Because there's no such thing as too much cheese. Unrolling the braciole of consciousness; shaping the meatball of life. Because everything is funny; you just need to view it from the proper angle. Good for cats. Made in Poland. Because everything is like a hat. You know how those gorillas can be... Very unforgiving.

Monday, February 18, 2013

There's No Business...

Cookie and Mojo are perfecting the science of psychological torture. Or at least the art of making themselves a pain in my ass.

We were watching a movie not too long ago and I made the mistake of sharing a personal insight.

"That guy used to annoy the shit out of me," I said.

I explained that back in 1986, the actor in question had the same on-campus summer job that I did -- painting dorm rooms. Every day, he and his girlfriend would while away the tedium by singing show-tunes. Like, loud show-tunes. They'd effect a wildly exaggerated Ethel Merman caw and belt them out, one after the other... until I wanted to drown myself in my friggin' paint can.

Advice to parents of pre-teens: never volunteer information like this.
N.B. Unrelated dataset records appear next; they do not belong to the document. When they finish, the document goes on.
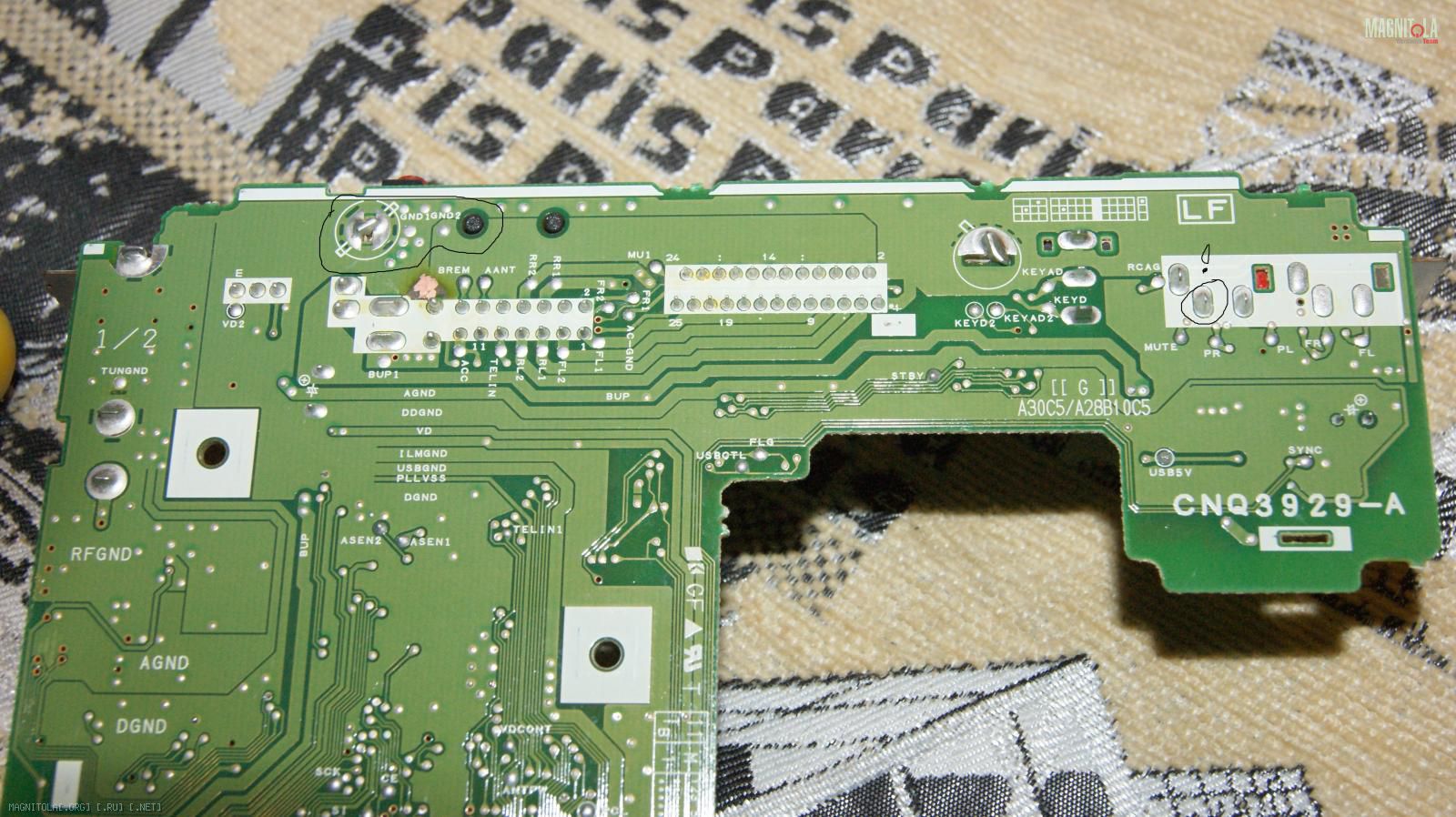 там где gnd все массы на месте. тамгде обведено и восклицат. знавк тоже масса есть. но на корпусе межблока её нет!!! беда.
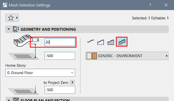 Whenever I model terrain, I dream of an additional feature that would be useful, e.g. for convenient cutting of roads, various surfaces (etc.) in the terrain mesh, so that it would then also be visible in cross-sections (e.g. by using SEO operations). This is a mesh of a given thickness:
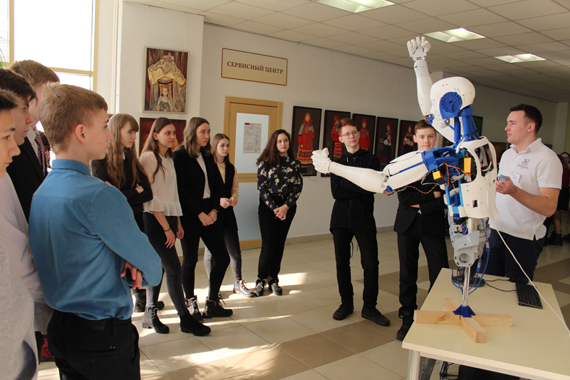 Ребята познакомились с роботом InMoov, корпус которого полностью напечатан на 3D принтере.
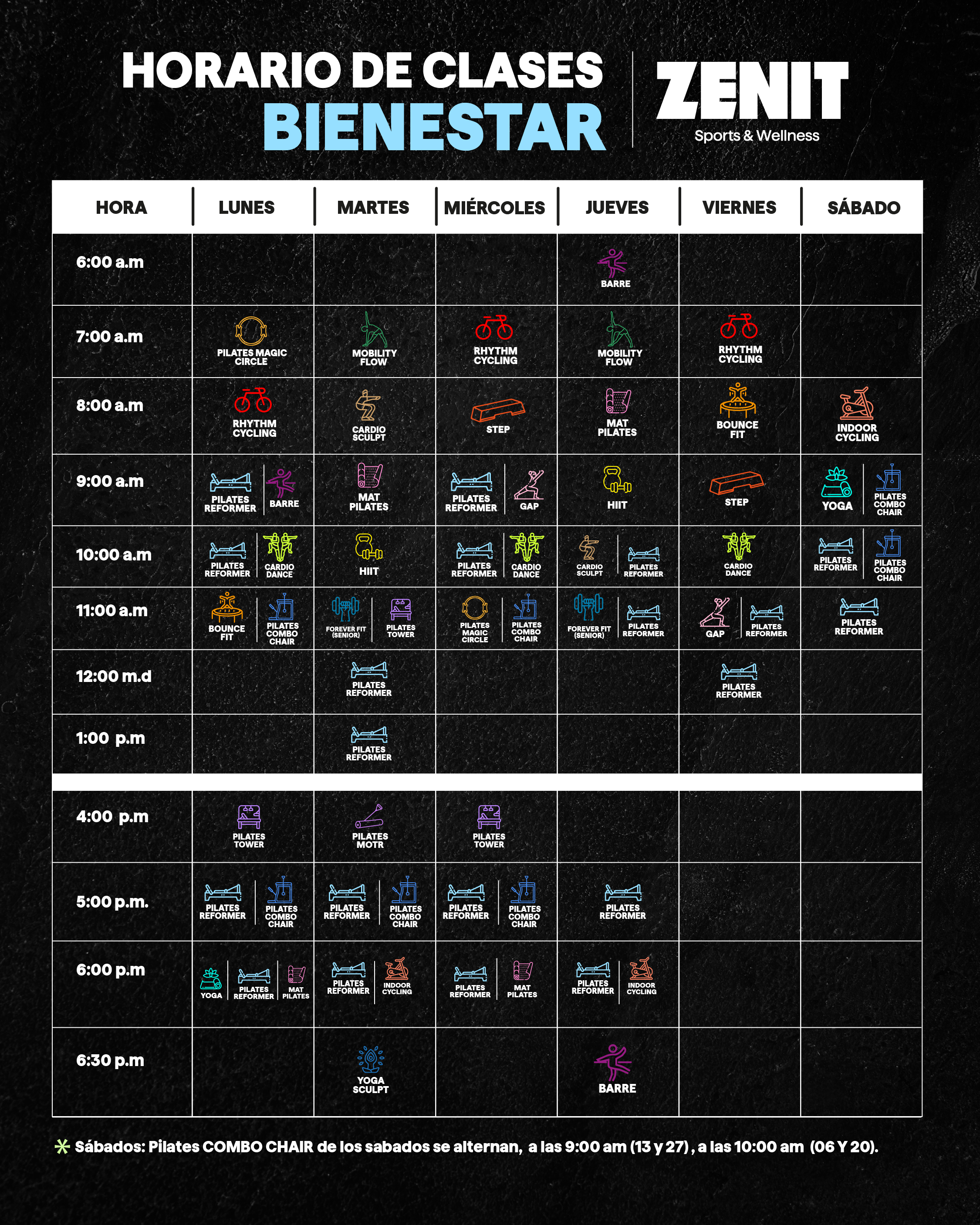 A continuación te mostramos los precios según tipo de plan y la lista de clases incluidas en cada modalidad.
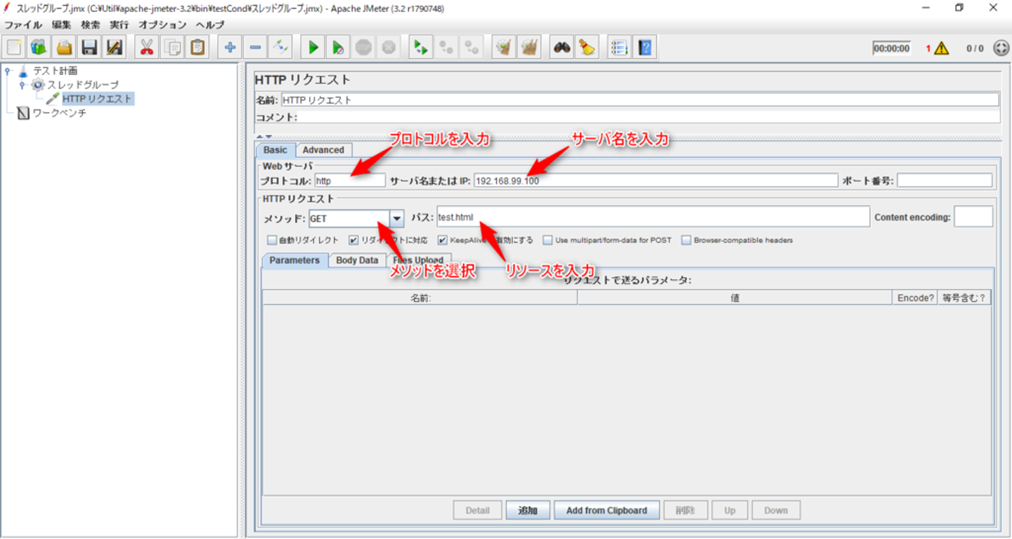 JMeterはGUIモードとNon-GUIモードがありますが、ここではGUIモードの説明をします。 今回は例として、サーバ192.168.99.100のtest.htmlに2つのパラメータ「param1」と「param2」を送信する例を考えます。
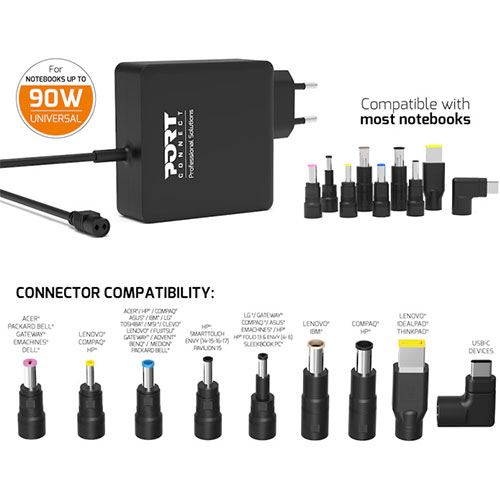 O Port Connect 90W Universal é a solução ideal para quem procura um carregador versátil, potente e compatível com uma vasta gama de portáteis até 17''. Equipado com 9 conectores intercambiáveis, adapta-se facilmente às principais marcas do mercado, como Lenovo®, Dell®, HP®, Asus®, Toshiba®, MSI®, Acer®, LG®, Fujitsu®, entre outras.
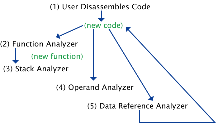 .....The cycle repeats with 2) as additional code is disassembled.One program change might cause several Analyzers to become active, however only one Analyzer is run at a time. Each Analyzer has a run priority. For instance, the Operand Analyzer will always run before the Data Reference Analyzer because the operand analyzer could create new references that the Data Reference Analyzer would need to analyze.
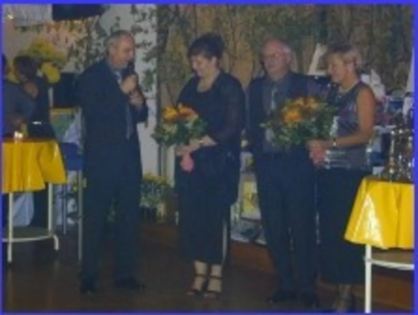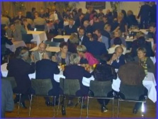 Selten wird das Martinushaus so aufwändig dekoriert, wie bei der Herbstparty des TCP. Mit Laub, Schubkarren mit Kartoffeln, Äpfeln auf den Tischen, herbstlichen Blumen und noch viel mehr anderem wurden die Besucher schon beim Eintritt in festliche Stimmung versetzt. Dann wurde auch nicht lange gefackelt, die Tanzkapelle Airport legte los und die Party wurde mit ein paar Tanzrunden eröffnet. Dann begrüßte der Vorsitzende Phillip Walk die Gäste, wünschte in einer kurzen Ansprache viel Vergnügen und eröffnete das kalt-warme Buffet. So gestärkt konnte man bei schwungvollen Rhythmen die Kalorien gleich wieder weg tanzen. Dann war die Stunde für den Stargast des Abends gekommen, Mike Ascot mit seiner Hypnoseshow. Selbst die Zuschauer, die diese Show schon vor einigen Jahren auf der Herbstparty erleben durften, waren erneut von der Faszination der Hypnose in den Bann geschlagen. Mit ungläubigem Staunen verfolgten sie, wie eine junge Dame steif wie ein Brett wurde oder wie ein Mensch reagiert, der durch eine Zauberbrille alle Menschen im Saal nackt sieht. Daran anschliessend wurden, völlig unhypnotisiert, in einer kurzen Zeremonie die Vereinsmeister der Saison 2000 geehrt. Meister wurden:

It's like the Death Star advertising the location of its vulnerable exhaust ports -- you will be methodically destroyed.

I have since been forced to endure many impromptu performances. They even have friends over to send them in to where I might be quietly reading a magazine. A kid will walk in and start singing "There's no business, like show business...!"

Then the kid apologizes and says, "I don't even want to sing this but they told me to do it." Which is bullshit because he included the high-kicks and jazz-hands.

And so I must find an appropriate way to return the favor. I'll think of something. Until then, this may as well be in your head too. Like mine. Since 1986.